CometLocalTableScanExec.isFfiSafe = false (line 110) due to array reuse in CometArrowConverters. Safe for Comet-native consumers (the native side copies based on the proto flag). Unsafe for non-Comet consumers that buffer batches across next() calls. The Iceberg branch-write path likely buffers, which combined with B3-style nullability mismatches could produce the silent loss.

Investigate first:

Run TestCopyOnWriteDelete.testSkewDelete with the failing parameterization locally; dump physical plan and per-batch row counts.
Determine whether Iceberg's DSv2 columnar branch write honors isFfiSafe=false, or whether the gap is purely nullability.

Refs:

spark/src/main/scala/org/apache/spark/sql/comet/CometLocalTableScanExec.scala:48-81,110
spark/src/main/scala/org/apache/comet/serde/operator/CometSink.scala:44,68
Iceberg spark-extensions TestDelete.append(String, Employee...) (TestDelete.java:1520-1528) and SparkRowLevelOperationsTestBase.createAndInitTable / append / commitTarget (SparkRowLevelOperationsTestBase.java:282,294,433)

B4 — Stale `CometWindowExecSuite` assertion (8 failures: Comet's own suites, all platforms)

Test: window function: partition and order expressions, all 5 Spark versions on Linux + 3 on macOS. Inverted assertion:

// CometWindowExecSuite.scala:111-119
} else {
  // we fall back to Spark for shuffle because we do not support
  // native shuffle with a LocalTableScan input, and we do not fall
  // back to Comet columnar shuffle due to
  // https://github.com/apache/datafusion-comet/issues/1248
  assert(cometShuffles.isEmpty)
}

The premise is no longer true; native shuffle now composes with the new local scan.

Action: update the assertion to cometShuffles.length == 1, drop the comment, re-evaluate whether #1248 is still relevant.
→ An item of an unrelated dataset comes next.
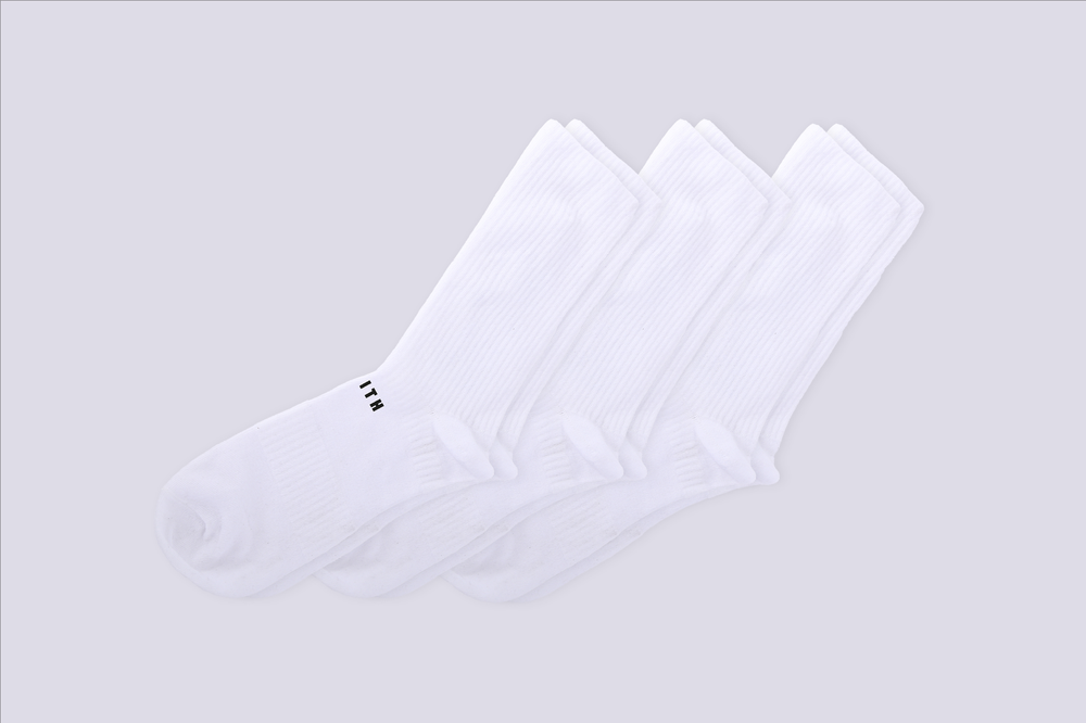 Pack 1: tres pares en blanco, con logo negro.

Grep for siblings: "LocalTableScan input", "issues/1248", "fall back to Spark for shuffle".

Refs:

spark/src/test/scala/org/apache/comet/exec/CometWindowExecSuite.scala:108-119

B5 — Plan-shape / explain / metrics assertions in upstream Spark SQL (~40 failures)

Tests grep the physical plan for Spark-only nodes or check WholeStageCodegen / SQL metrics that Comet doesn't emit. Examples:

ExplainSuite "Support ExplainMode in Dataset.explain"
SQLAppStatusListenerSuite "SPARK-29894 test Codegen Stage Id", "SPARK-32615,SPARK-33016"
BatchEvalPythonExecSuite "Python UDF: push down deterministic FilterExec predicates"
JoinHintSuite "broadcast", "shuffle-replicate-nl"
DataFrameSetOperationsSuite SPARK-37371
OptimizeLocalRelationsSuite SPARK-25860 / SPARK-33847

Not Comet defects. Either extend the upstream-test skip list or add per-test config disable for localTableScan.

B6 — Subquery not found when plan root is `CometLocalTableScan` (~8 failures)

CometRuntimeException: Subquery NNN not found for plan MMM

Hits CTEHintSuite "subquery in repartition", SPARK-36447, CTE Predicate push-down and column pruning. Real Comet bug — subquery registration path doesn't handle the new root operator.

B7 — Long tail (~20 failures total)

ULP-level float math diffs in MathFunctionsSuite (asinh, acosh, cosh, tan, cot, cbrt, pow, atan2, etc.). Known JVM-libm vs Rust-libm gap; no Comet carve-out for upstream suite.
bit_length / octet_length on BinaryType rejected by DataFusion's string-only UDF (SPARK-36751).
null IN () returns false in Comet, should be null (EmptyInSuite).
RuntimeNullChecksV2Writes expects SparkRuntimeException, gets SparkException (wrapper depth).
to_binary/unhex error class differs from Spark's CONVERSION_INVALID_INPUT.
collect_set element order differs.
5 Spark SQL shards hit GitHub Actions 6h wall clock / exit 137 — likely cascade from B1 stack-trace volume; should resolve once B1 is fixed.

Suggested fix order

Order	Action	Eliminates	Risk
1	B1 fallback (NullType in schema)	~600 + likely unblocks the 5 timed-out shards	Low
2	B2 fallback (TimeType in schema)	~25	Low
3	B3 investigation + fix (Iceberg silent corruption)	220 + ~20 Spark SQL	Medium (data correctness)
4	B4 stale assertion update + sibling grep	8	Trivial
5	B6 subquery registration	~8	Low-medium
6	B5 skip list (or per-test config)	~40	Low
7	B7 individually	~20	Varies

After (1)–(2), failure count should drop from ~1,200 to ~250 and most remaining failures will be the substantive ones.

Open questions

B3: does Iceberg's columnar DSv2 branch-write path honor setArrowFfiSafe(false), or does the contract only apply to native consumers? If only native, CometLocalTableScanExec needs to copy batches before exposing them to non-Comet consumers (or be disallowed as a direct columnar input to non-Comet writers).
B5: skip list vs per-test disable — preference? A skip list is easier to maintain; per-test config keeps Comet exercised.
Whether to keep the default flip in PR feat: enable CometLocalTableScanExec by default #4393 and land fixes incrementally, or to gate the flip behind B1–B3 landing first.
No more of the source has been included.